Knowledge (epistēmē), in its being-at-work, is the same as the thing it knows, and while knowledge in potency comes first in time in any one knower, in the whole of things it does not take precedence even in time.

This does not mean that at one time it thinks but at another time it does not think, but when separated it is just exactly what it is, and this alone is deathless and everlasting (though we have no memory, because this sort of intellect is not acted upon, while the sort that is acted upon is destructible), and without this nothing thinks.

The passage tries to explain "how the human intellect passes from its original state, in which it does not think, to a subsequent state, in which it does." He inferred that the energeia/dunamis distinction must also exist in the soul itself. Aristotle says that the passive intellect receives the intelligible forms of things, but that the active intellect is required to make the potential knowledge into actual knowledge, in the same way that light makes potential colors into actual colors.

The passage is often read together with Metaphysics, Book XII, ch.7-10, where Aristotle also discusses the human mind and distinguishes between the active and passive intellects. In that passage Aristotle appears to equate the active intellect with the "unmoved mover" and God.
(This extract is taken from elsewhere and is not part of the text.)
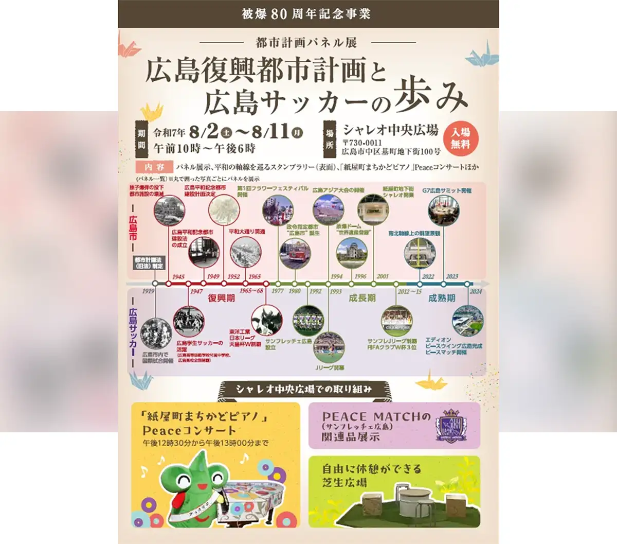 シャレオ中央広場にて、被爆後の広島復興都市計画と広島サッカーの歩みをパネル展示にて紹介。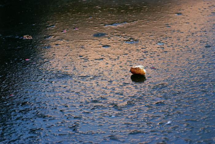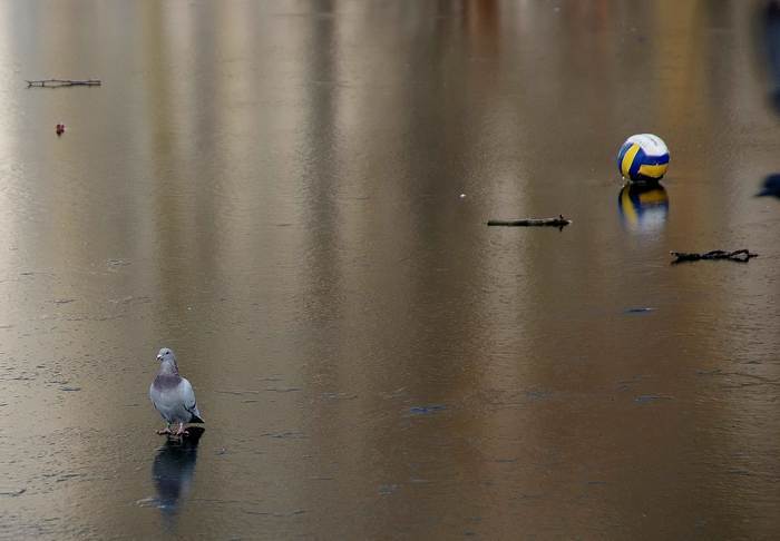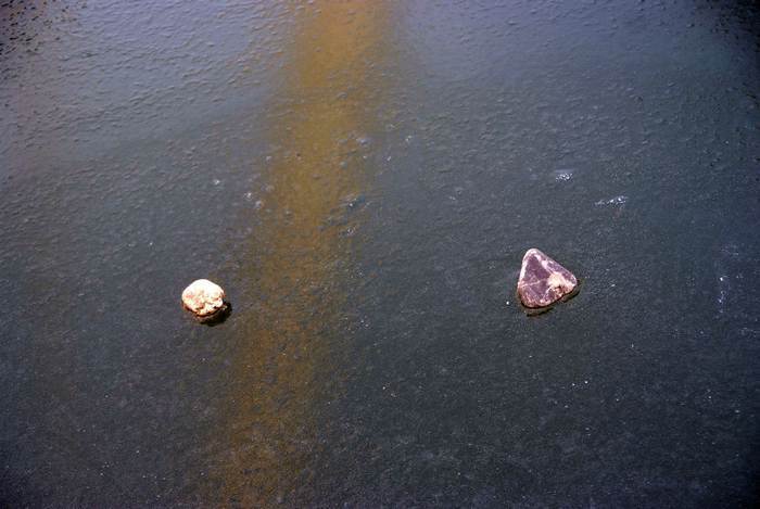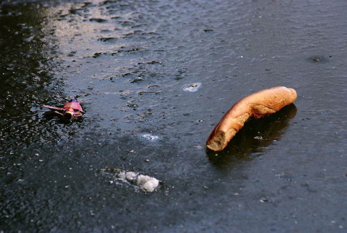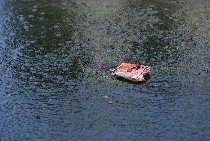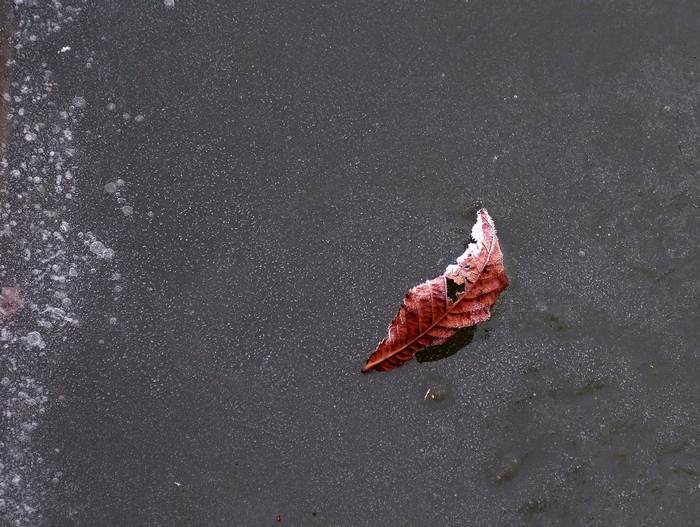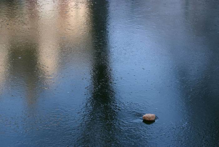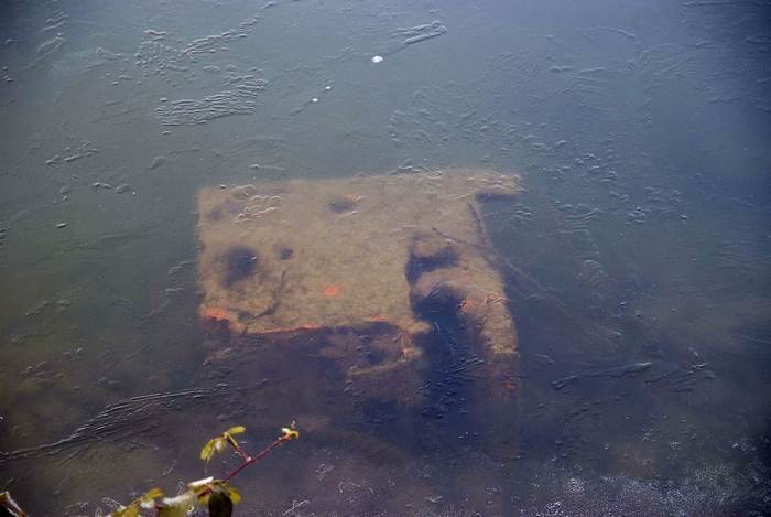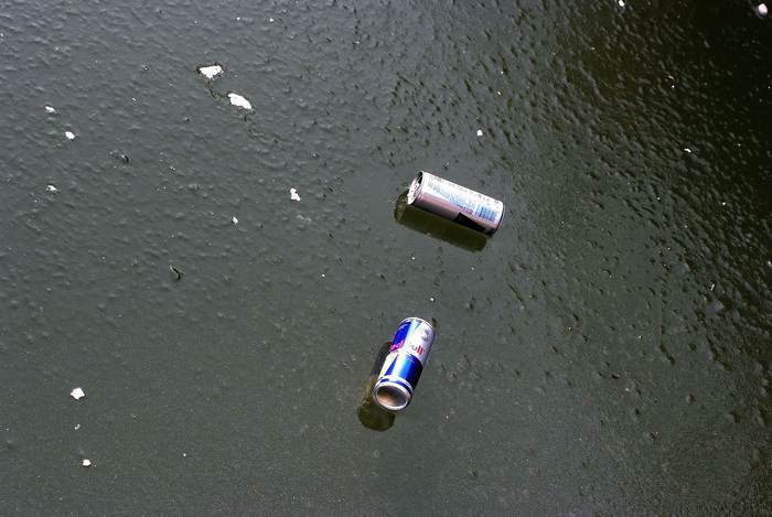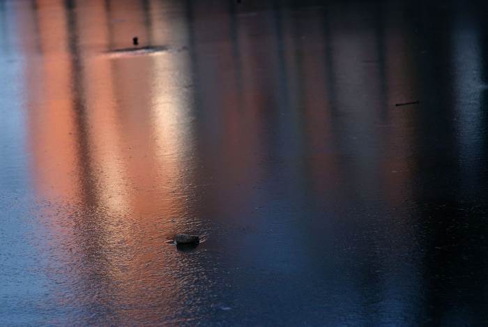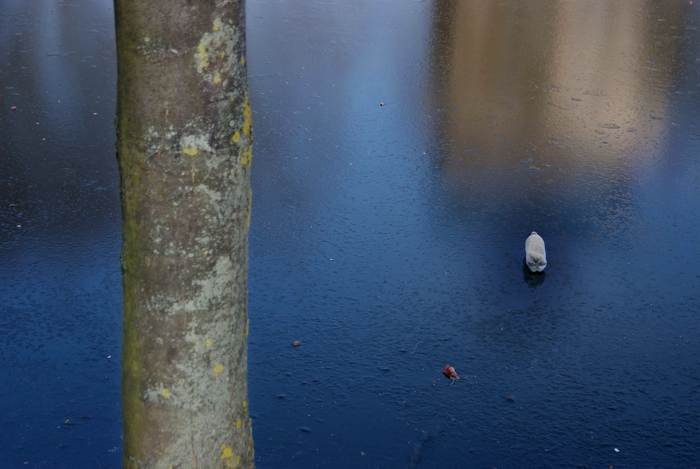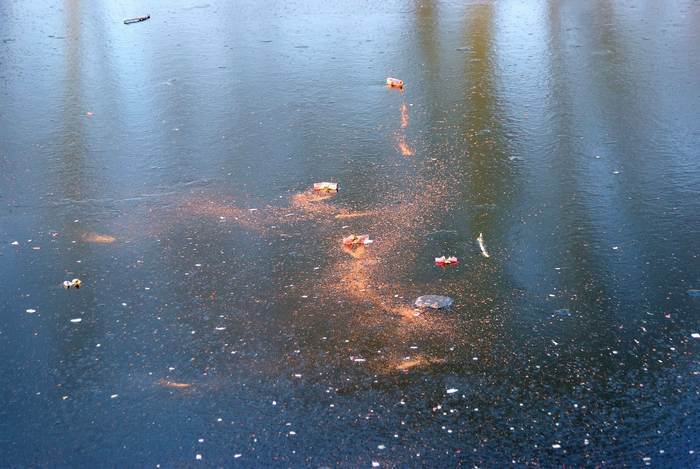 Sur le canal glacé du Rhône au Rhin, Quai de l’Alma à Mulhouse en plein hiver 2010. Quelques débris jetés par des festoyeurs avinés. Ces débordements sont bien visibles dans ce cas.

This has been referred to as "the most intensely studied sentences in the history of philosophy". As Davidson remarks:

Just what Aristotle meant by potential intellect and active intellect - terms not even explicit in the De anima and at best implied - and just how he understood the interaction between them remains moot. Students of the history of philosophy continue to debate Aristotle's intent, particularly the question whether he considered the active intellect to be an aspect of the human soul or an entity existing independently of man.